A requirement of a well-tuned relational database is that each row is unique – for example, a particular animal won’t show up twice in the Animal table, and unlike some spreadsheets or databases you may have worked with, there won’t be a row of totals or summary statistics at the bottom of the table.

In order to differentiate between entries, there has to be some column (or combination of columns) that is unique for each entry – this is called a unique ID. When two tables can be connected, they will contain their own unique identifier, and the unique identifier of their parent table. This allows us to combine information from different tables by “joining” or “merging” these tables.
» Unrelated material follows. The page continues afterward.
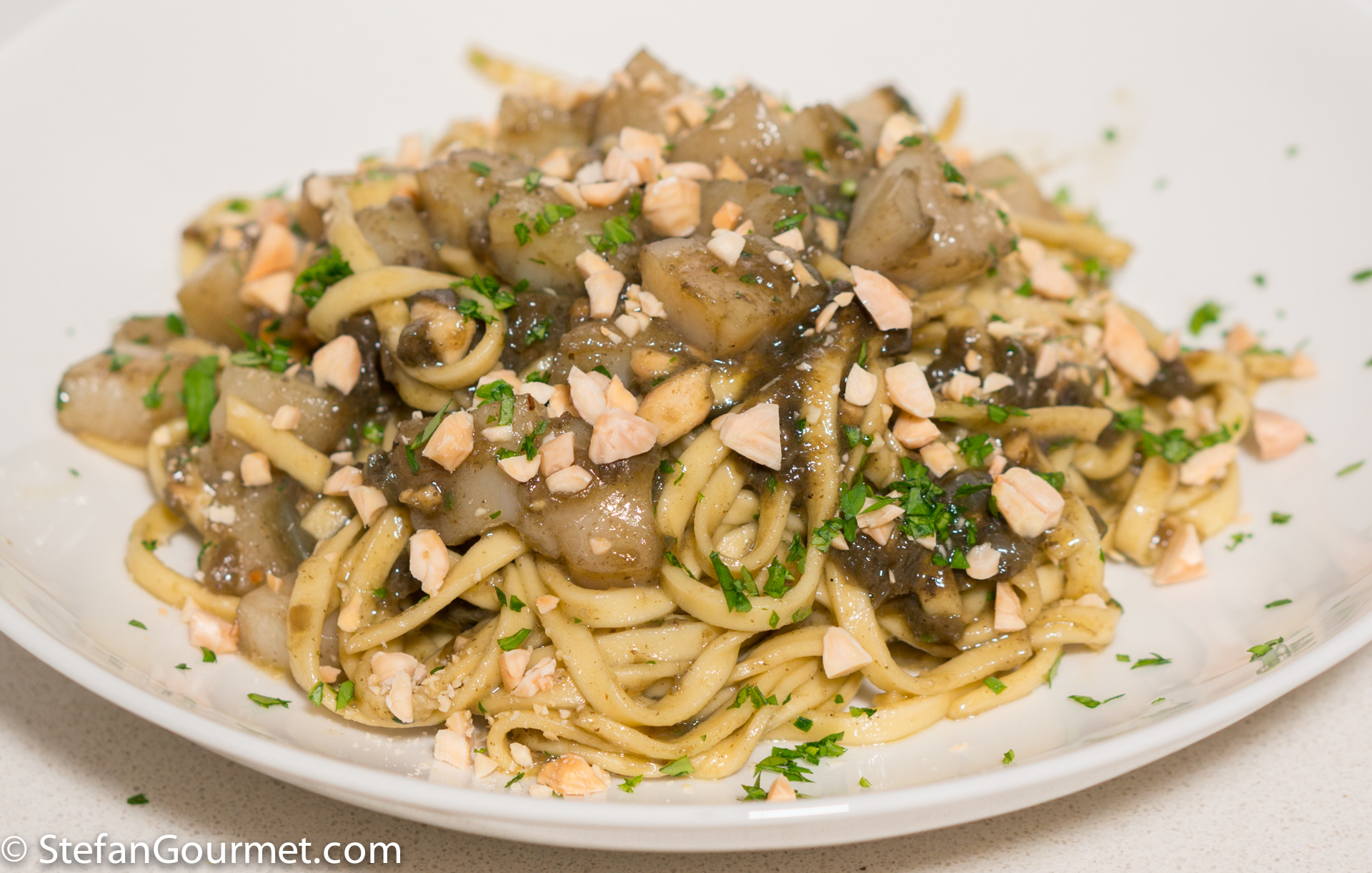 Fresh pasta with scallops, shallots, and almonds is a great pasta dish that uses surprisingly few ingredients to deliver such great depth of flavor.

In the Event table, for instance, each event (or row) has a unique event_id, while in the Animal table, each animal (or row) has a unique animal_id. Importantly, each animal in the Animal table also has an event_id, which links it to an event. Since event_id is not unique in the Animal table, there can be more than one animal entry with the same event_id -- this makes perfect sense, since there are likely multiple animals attached to a particular event.
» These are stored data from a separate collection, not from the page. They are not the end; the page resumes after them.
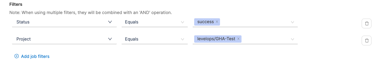 - Define additional attributes to identify deployments causing failure and total deployments. When using multiple filters, they will be combined with an 'AND' operation.
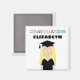 Illustration der Absolventin mit farbenfrohen Texten mit dem Text "Glückwunsch!"
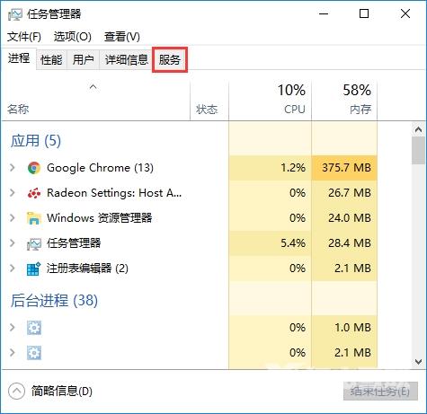 1、按住CtrlAlt和delete三个键,打开任务管理器;点击右上角进入的服务菜单;
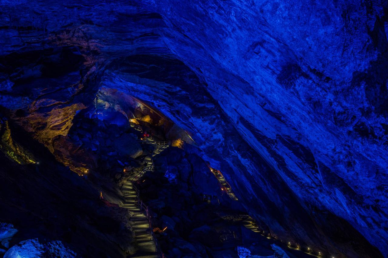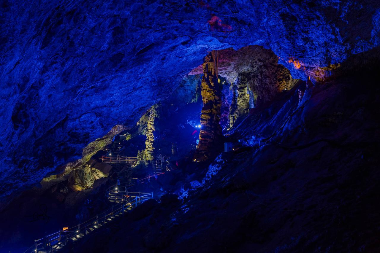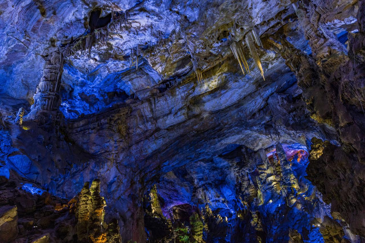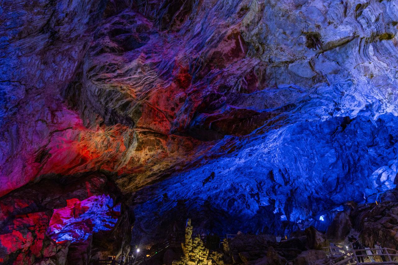 刚进洞口,狭小缝隙中微光闪烁,像武陵人邂逅时空裂隙,超有神秘感。拾级而上,石幔、钟乳形态各异,每一处岩壁都诉说着亿万年的故事。
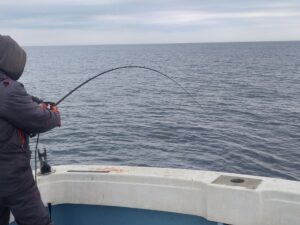 南からの風がやや強く本潮も動いていました。先週良かった青物の回遊も無い中、なんとか魚の顔が見れました。

These ID fields tie all of the tables together, allowing us to join tables that contain information we are interested in analyzing. EIDITH is a large database with many fields per table, so it can be challenging at first to determine which table contains the relevant information. Generally, the location of the information we are looking for should be in the table that it is most closely tied to: if we are looking for the species of an animal, that field should be in the Animal table, if we are looking for the results of a test, that information should be in the Test table. If we are having a hard time finding the field we need, we can use the ?ed2_metadata command to load the built-in help file that contains a searchable list of all EIDITH fields.

EIDITH Metadata

Take a look at the ?ed2_metadata help file now:

?ed2_metadata

In the Help window of your RStudio session you should now see something like this:

uri2 <- knitr::image_uri(P("inst","images","metadata_example.png"))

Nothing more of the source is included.